The pattern across all stages is the same: every party adds 2-5 days to whatever they are responsible for. Buyer wants to close in 30 days, seller takes 5 days to send tax returns, landlord takes 3 weeks for lease assignment, lender's underwriter is out for a week. None of these delays is unreasonable individually. Stacked together, they turn a 30-day close into a 75-day close.
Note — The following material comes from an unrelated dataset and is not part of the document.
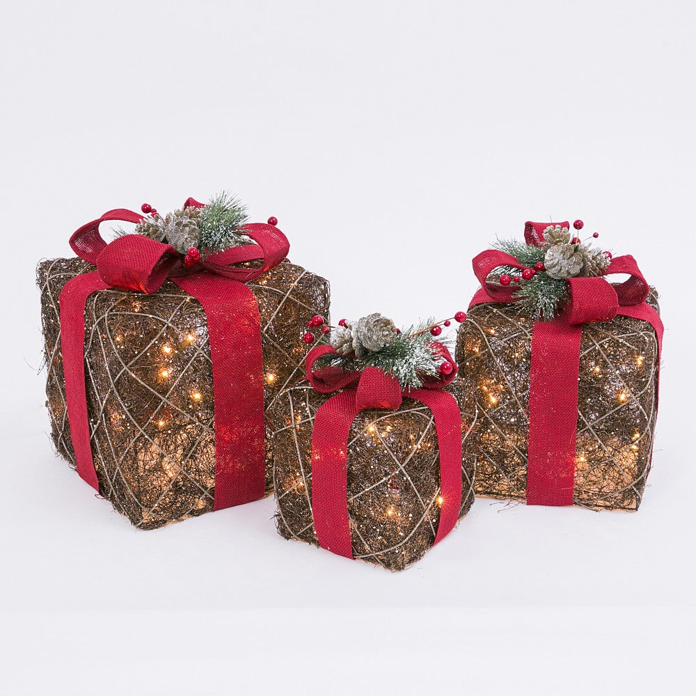 Want pretty packages under the tree? This set of 3 natural brown vine gift wrapped burlap boxes will fit the bill! Theses electric boxes light up with soft warm LED lights from light strings when turned on. The beautiful boxes come in 3 sizes and will nest together to make storage easy when not in use. Each box top is loaded with pvc pine branches, scattered red berries, and assorted-sized pinecones for that special holiday presentation. Thee special gift boxes are portable to use separately, or grouped together with other holiday decor for a beautiful elegant display in your home.
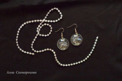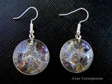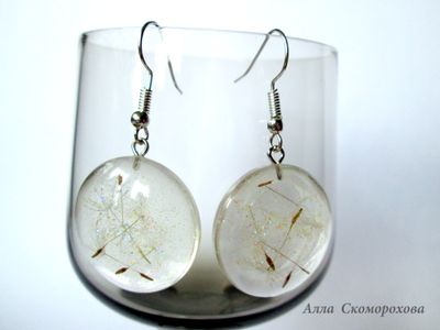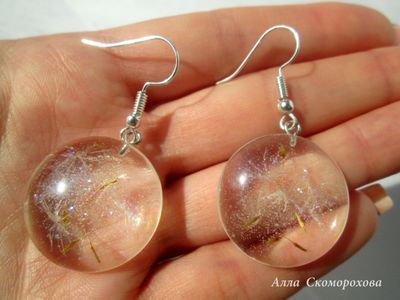 Серьги из прозрачной ювелирной смолы с пушинками одуванчика. Внутри переливаются голубоватые блёстки, поэтому кажется, будто пушинки заморозили в маленьких льдинках. Серьги очень лёгкие, диаметр 25 мм.

How to Speed Up the Timeline

You can compress the SBA timeline by 20-40% with disciplined preparation. Here is what actually works.

Before you sign the LOI:

  1. Pre-qualify with 2-3 PLP lenders. Get soft term sheets in hand before you commit to an LOI. This means the lender has already reviewed your personal financials, your industry experience, and your basic deal thesis. When you sign the LOI, you can move directly to formal application instead of starting from scratch with a new lender.

  2. Build your buyer document package in advance. Personal financial statement (SBA Form 413), last 3 years of personal tax returns, last 3 years of W-2s or 1099s, resume showing relevant management experience, business plan / acquisition memo, source of equity injection documentation, business entity formation documents (LLC operating agreement, EIN letter), background check authorization. If you wait until after LOI signing to pull these together, you have already lost a week.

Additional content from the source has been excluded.